--- START ---
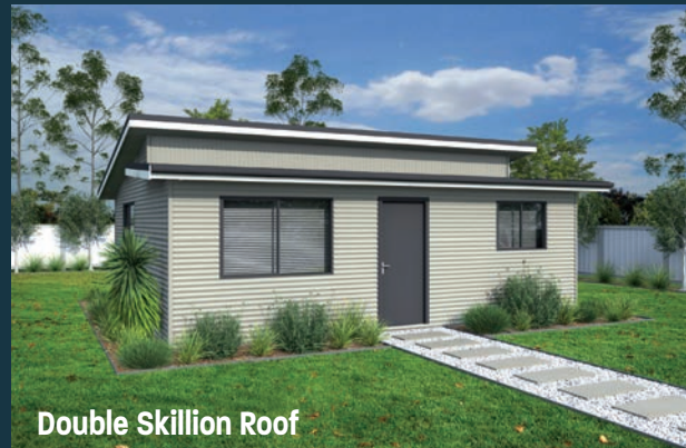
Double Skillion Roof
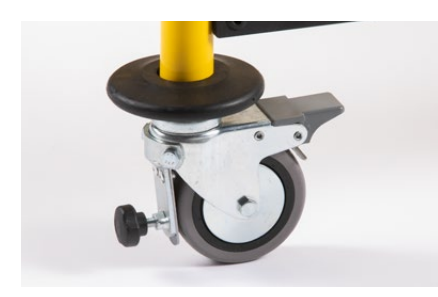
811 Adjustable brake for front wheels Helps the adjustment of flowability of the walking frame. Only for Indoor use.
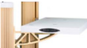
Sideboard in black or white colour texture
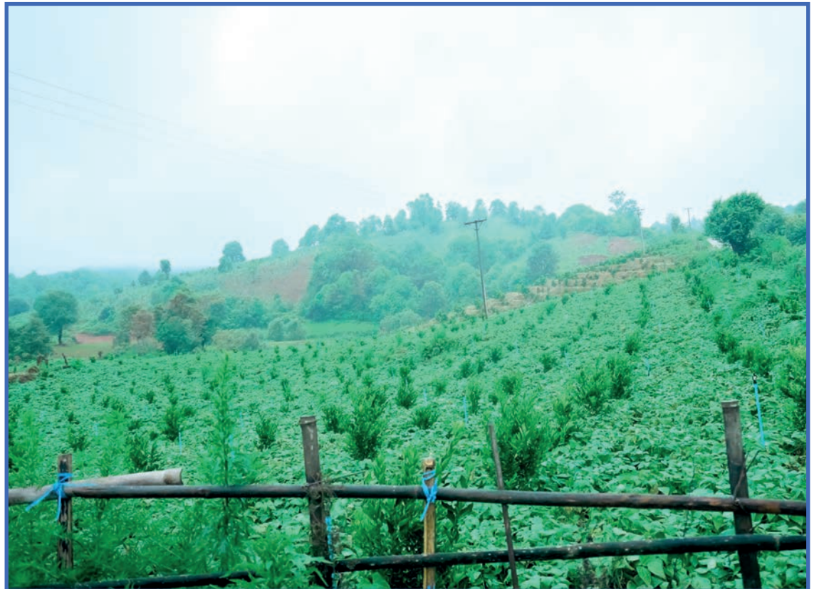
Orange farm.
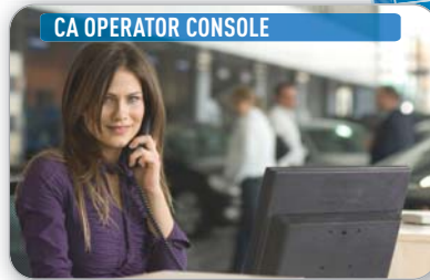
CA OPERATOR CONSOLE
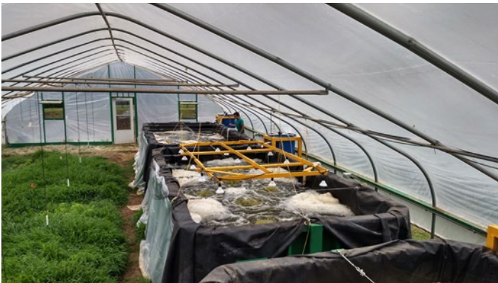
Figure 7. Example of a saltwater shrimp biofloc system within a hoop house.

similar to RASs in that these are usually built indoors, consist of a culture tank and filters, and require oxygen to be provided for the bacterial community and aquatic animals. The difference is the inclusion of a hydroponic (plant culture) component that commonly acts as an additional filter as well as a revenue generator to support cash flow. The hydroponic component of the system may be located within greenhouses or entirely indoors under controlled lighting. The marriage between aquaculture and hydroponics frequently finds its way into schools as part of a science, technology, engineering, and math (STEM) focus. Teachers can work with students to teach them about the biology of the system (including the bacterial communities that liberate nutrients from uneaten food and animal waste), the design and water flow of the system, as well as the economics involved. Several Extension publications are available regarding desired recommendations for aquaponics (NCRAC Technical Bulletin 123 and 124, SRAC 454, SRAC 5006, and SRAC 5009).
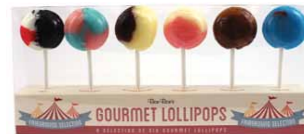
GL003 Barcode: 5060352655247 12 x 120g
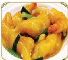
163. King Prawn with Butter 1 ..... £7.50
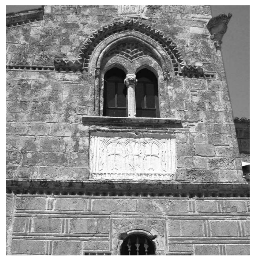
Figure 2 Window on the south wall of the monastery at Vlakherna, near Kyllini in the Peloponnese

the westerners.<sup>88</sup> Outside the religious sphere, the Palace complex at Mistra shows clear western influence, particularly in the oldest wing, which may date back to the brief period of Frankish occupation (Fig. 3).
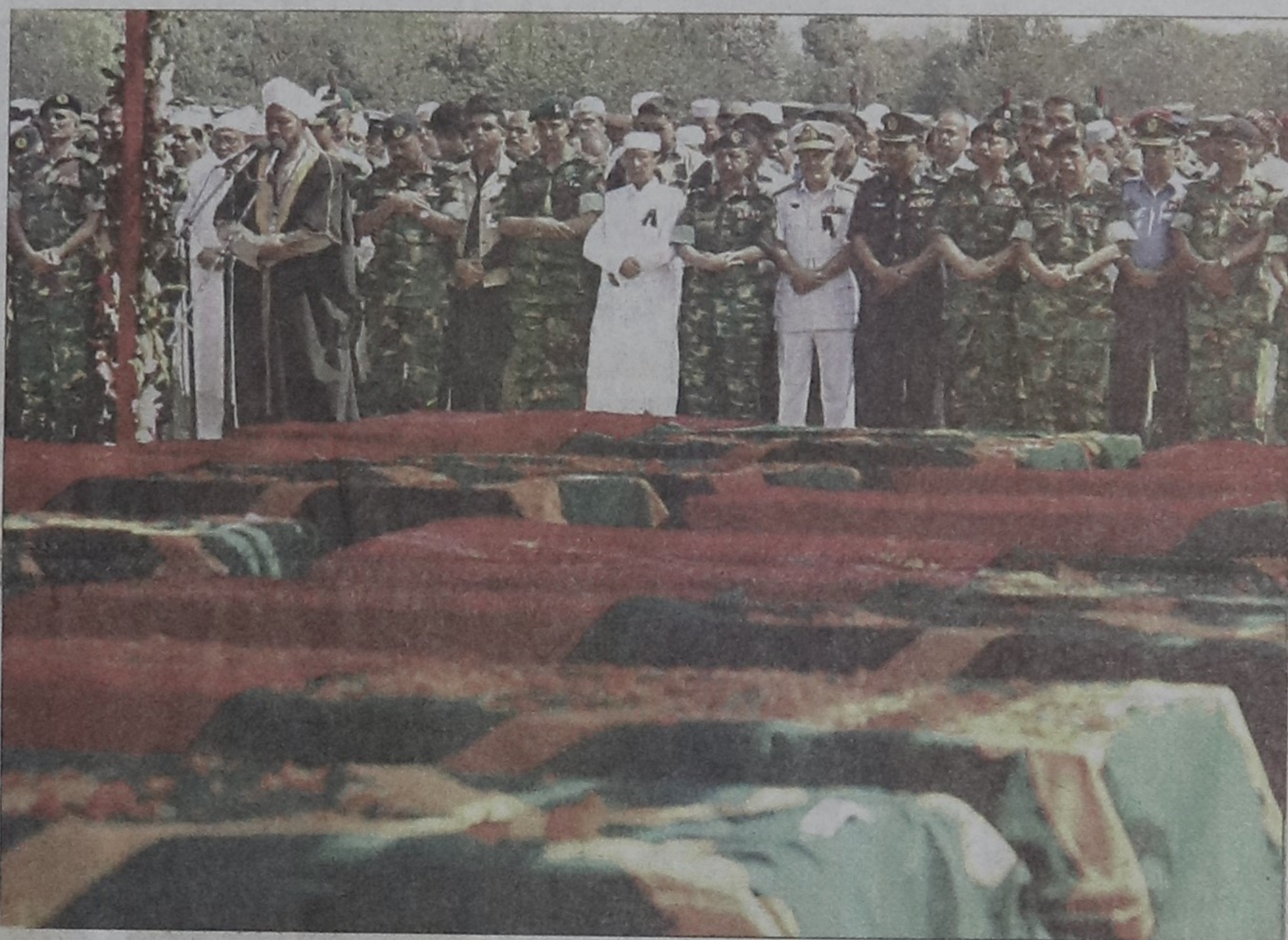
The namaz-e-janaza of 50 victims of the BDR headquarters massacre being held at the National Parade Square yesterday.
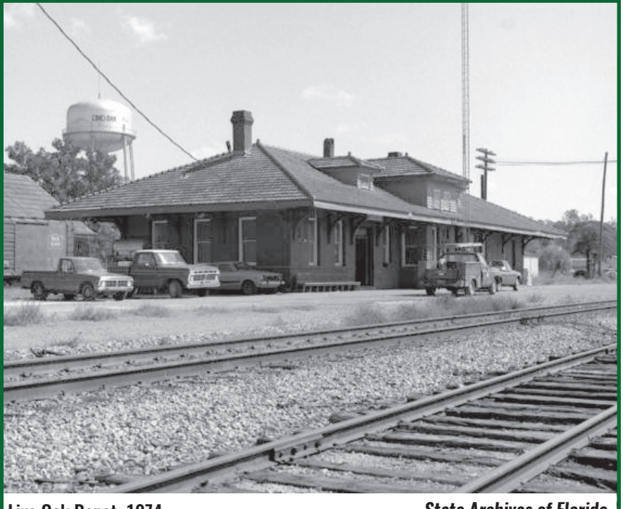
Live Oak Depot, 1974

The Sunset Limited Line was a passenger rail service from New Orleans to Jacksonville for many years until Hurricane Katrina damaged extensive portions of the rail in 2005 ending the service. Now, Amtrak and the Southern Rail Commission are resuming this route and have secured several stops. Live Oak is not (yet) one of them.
--- END ---
Could you write the entries out again exactly, without their pictures?

Double Skillion Roof
811 Adjustable brake for front wheels Helps the adjustment of flowability of the walking frame. Only for Indoor use.
Sideboard in black or white colour texture
Orange farm.
CA OPERATOR CONSOLE
Figure 7. Example of a saltwater shrimp biofloc system within a hoop house.

similar to RASs in that these are usually built indoors, consist of a culture tank and filters, and require oxygen to be provided for the bacterial community and aquatic animals. The difference is the inclusion of a hydroponic (plant culture) component that commonly acts as an additional filter as well as a revenue generator to support cash flow. The hydroponic component of the system may be located within greenhouses or entirely indoors under controlled lighting. The marriage between aquaculture and hydroponics frequently finds its way into schools as part of a science, technology, engineering, and math (STEM) focus. Teachers can work with students to teach them about the biology of the system (including the bacterial communities that liberate nutrients from uneaten food and animal waste), the design and water flow of the system, as well as the economics involved. Several Extension publications are available regarding desired recommendations for aquaponics (NCRAC Technical Bulletin 123 and 124, SRAC 454, SRAC 5006, and SRAC 5009).
GL003 Barcode: 5060352655247 12 x 120g
163. King Prawn with Butter 1 ..... £7.50
Figure 2 Window on the south wall of the monastery at Vlakherna, near Kyllini in the Peloponnese

the westerners.<sup>88</sup> Outside the religious sphere, the Palace complex at Mistra shows clear western influence, particularly in the oldest wing, which may date back to the brief period of Frankish occupation (Fig. 3).
The namaz-e-janaza of 50 victims of the BDR headquarters massacre being held at the National Parade Square yesterday.
Live Oak Depot, 1974

The Sunset Limited Line was a passenger rail service from New Orleans to Jacksonville for many years until Hurricane Katrina damaged extensive portions of the rail in 2005 ending the service. Now, Amtrak and the Southern Rail Commission are resuming this route and have secured several stops. Live Oak is not (yet) one of them.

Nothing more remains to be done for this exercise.